» What the exercise asks: With the images excluded, set down every line of the listing below exactly.

== Data block ==

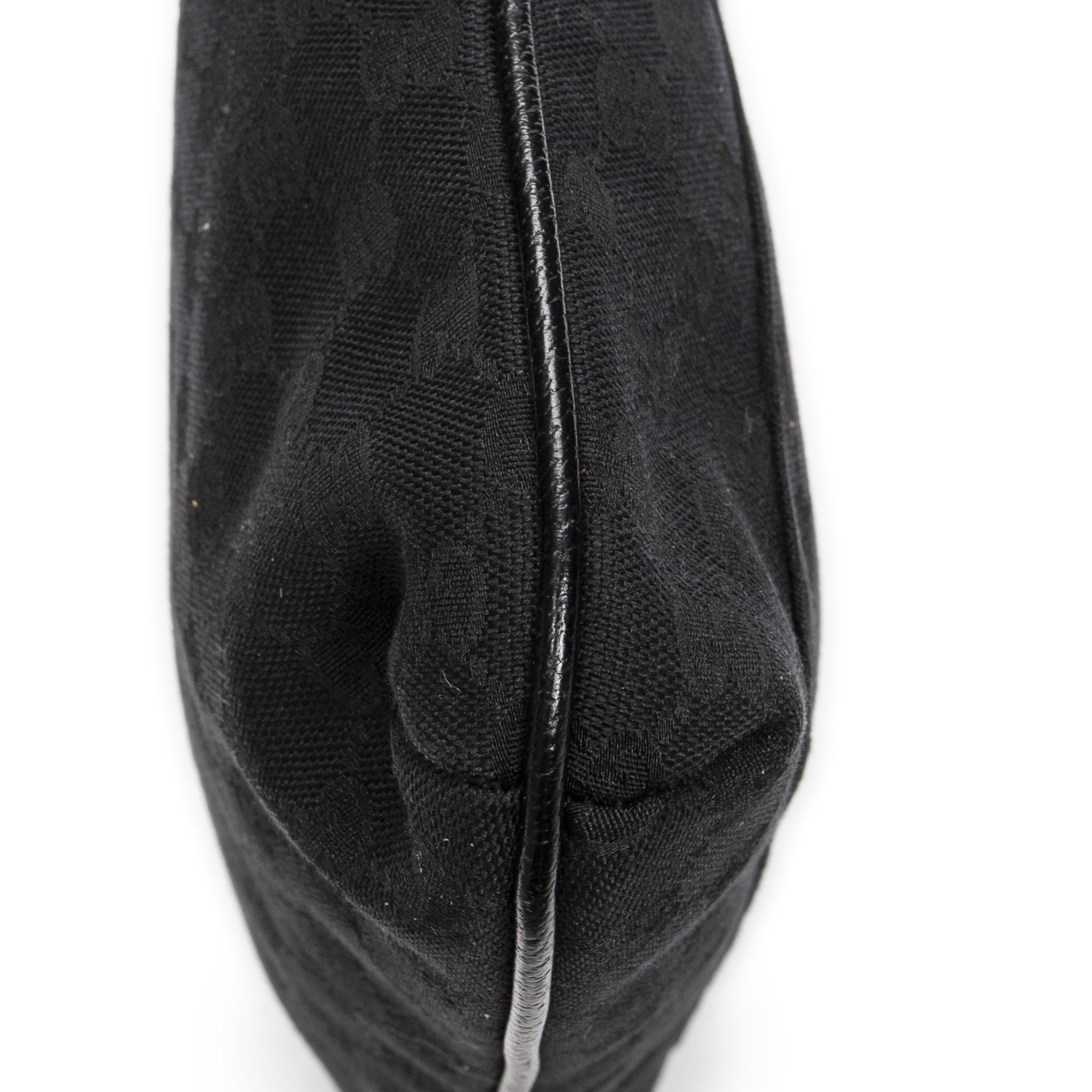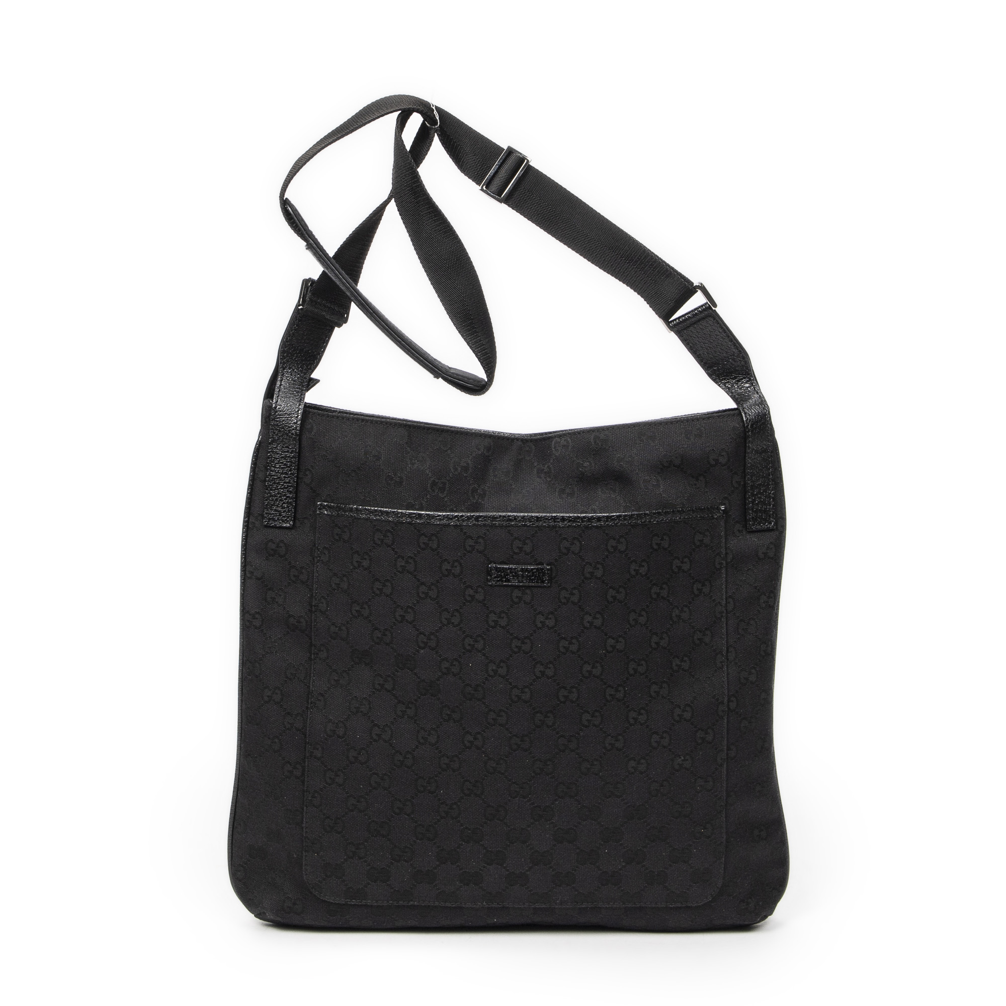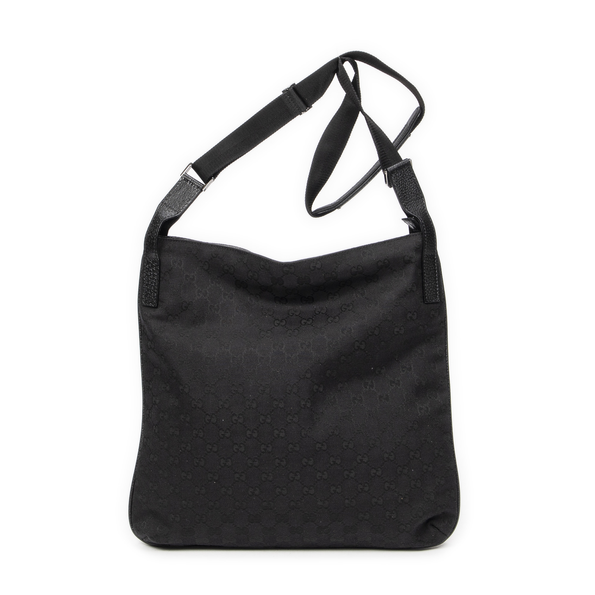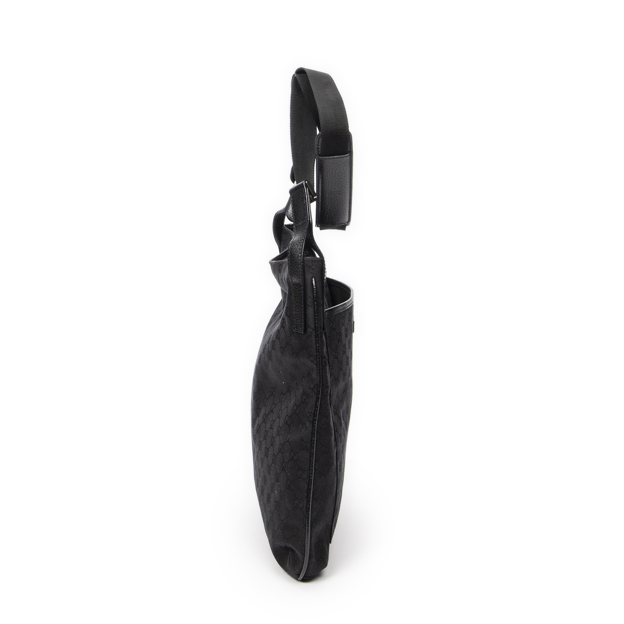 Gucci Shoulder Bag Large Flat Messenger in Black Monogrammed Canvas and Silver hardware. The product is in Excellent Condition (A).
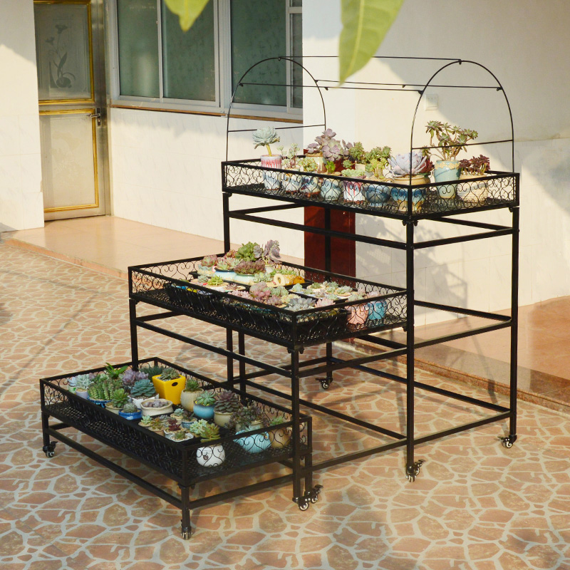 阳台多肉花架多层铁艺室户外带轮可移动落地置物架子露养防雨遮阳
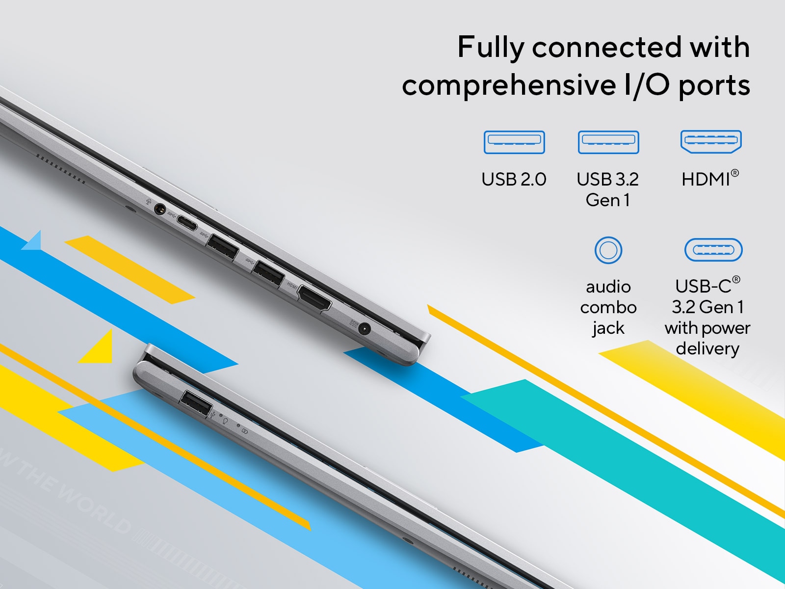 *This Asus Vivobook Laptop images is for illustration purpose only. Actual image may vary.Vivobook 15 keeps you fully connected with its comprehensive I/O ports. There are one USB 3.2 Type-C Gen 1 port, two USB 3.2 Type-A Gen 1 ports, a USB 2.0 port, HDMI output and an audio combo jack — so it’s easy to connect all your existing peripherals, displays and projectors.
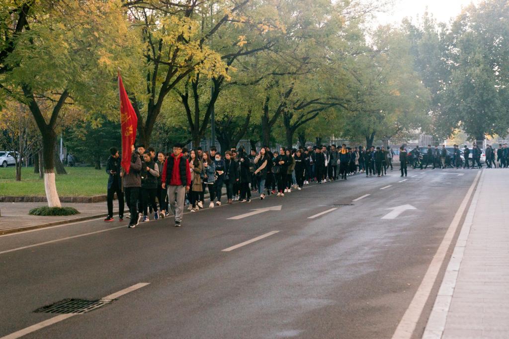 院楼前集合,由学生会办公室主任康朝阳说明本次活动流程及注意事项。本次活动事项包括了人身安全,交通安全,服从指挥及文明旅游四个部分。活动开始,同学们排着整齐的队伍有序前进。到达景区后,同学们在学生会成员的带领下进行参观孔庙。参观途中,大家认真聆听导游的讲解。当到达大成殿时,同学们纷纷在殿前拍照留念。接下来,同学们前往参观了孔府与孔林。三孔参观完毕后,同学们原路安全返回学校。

===

» The answer:
 Gucci Shoulder Bag Large Flat Messenger in Black Monogrammed Canvas and Silver hardware. The product is in Excellent Condition (A).
 阳台多肉花架多层铁艺室户外带轮可移动落地置物架子露养防雨遮阳
 *This Asus Vivobook Laptop images is for illustration purpose only. Actual image may vary.Vivobook 15 keeps you fully connected with its comprehensive I/O ports. There are one USB 3.2 Type-C Gen 1 port, two USB 3.2 Type-A Gen 1 ports, a USB 2.0 port, HDMI output and an audio combo jack — so it’s easy to connect all your existing peripherals, displays and projectors.
 院楼前集合,由学生会办公室主任康朝阳说明本次活动流程及注意事项。本次活动事项包括了人身安全,交通安全,服从指挥及文明旅游四个部分。活动开始,同学们排着整齐的队伍有序前进。到达景区后,同学们在学生会成员的带领下进行参观孔庙。参观途中,大家认真聆听导游的讲解。当到达大成殿时,同学们纷纷在殿前拍照留念。接下来,同学们前往参观了孔府与孔林。三孔参观完毕后,同学们原路安全返回学校。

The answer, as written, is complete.